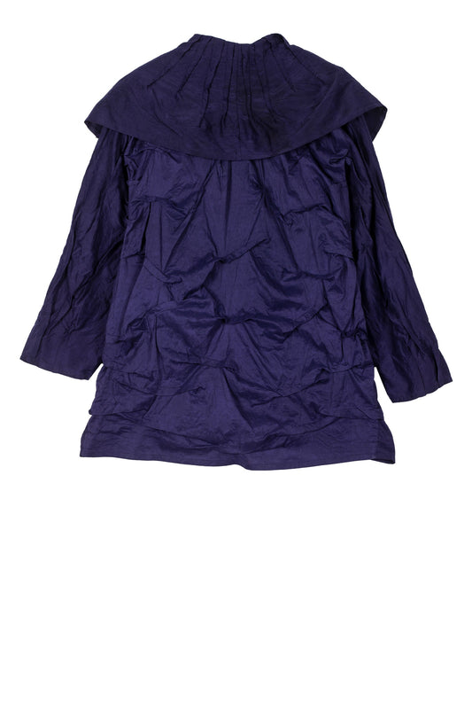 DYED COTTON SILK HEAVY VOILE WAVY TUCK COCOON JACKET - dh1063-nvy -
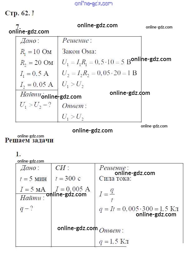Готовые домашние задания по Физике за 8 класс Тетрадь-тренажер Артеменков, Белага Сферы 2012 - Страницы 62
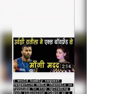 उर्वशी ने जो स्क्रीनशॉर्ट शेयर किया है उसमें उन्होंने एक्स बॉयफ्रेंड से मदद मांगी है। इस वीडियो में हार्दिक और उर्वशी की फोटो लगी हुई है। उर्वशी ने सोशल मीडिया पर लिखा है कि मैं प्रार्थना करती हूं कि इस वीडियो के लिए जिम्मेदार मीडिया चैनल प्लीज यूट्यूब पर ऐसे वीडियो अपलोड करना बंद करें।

++++++++

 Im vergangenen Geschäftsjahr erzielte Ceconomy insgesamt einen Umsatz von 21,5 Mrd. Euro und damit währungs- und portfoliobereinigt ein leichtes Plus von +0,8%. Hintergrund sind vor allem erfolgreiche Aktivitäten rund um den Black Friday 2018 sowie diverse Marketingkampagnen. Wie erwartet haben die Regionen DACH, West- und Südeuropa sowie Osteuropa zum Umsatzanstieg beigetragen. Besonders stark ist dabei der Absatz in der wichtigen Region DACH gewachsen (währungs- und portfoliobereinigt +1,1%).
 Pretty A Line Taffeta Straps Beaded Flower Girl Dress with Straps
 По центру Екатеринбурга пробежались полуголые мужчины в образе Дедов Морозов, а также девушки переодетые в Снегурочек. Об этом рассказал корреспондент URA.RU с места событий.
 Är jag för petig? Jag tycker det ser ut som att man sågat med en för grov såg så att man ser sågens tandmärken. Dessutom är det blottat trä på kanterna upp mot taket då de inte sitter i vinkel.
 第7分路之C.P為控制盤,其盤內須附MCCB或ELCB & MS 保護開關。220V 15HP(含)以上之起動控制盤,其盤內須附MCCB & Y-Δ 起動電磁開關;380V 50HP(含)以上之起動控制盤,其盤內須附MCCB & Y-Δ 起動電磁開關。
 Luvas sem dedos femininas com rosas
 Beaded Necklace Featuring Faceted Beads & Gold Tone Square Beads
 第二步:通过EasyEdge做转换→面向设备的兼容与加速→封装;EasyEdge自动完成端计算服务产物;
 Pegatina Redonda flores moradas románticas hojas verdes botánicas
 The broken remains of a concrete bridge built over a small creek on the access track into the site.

++++++++

#### [WHAT IS EXPECTED]
Copy the listing above exactly, but only from the line with "DYED COTTON SILK" through the line with "Готовые домашние задания", including those two lines and excluding any picture.

#### [SOLUTION TO THE PROBLEM]
 DYED COTTON SILK HEAVY VOILE WAVY TUCK COCOON JACKET - dh1063-nvy -
Готовые домашние задания по Физике за 8 класс Тетрадь-тренажер Артеменков, Белага Сферы 2012 - Страницы 62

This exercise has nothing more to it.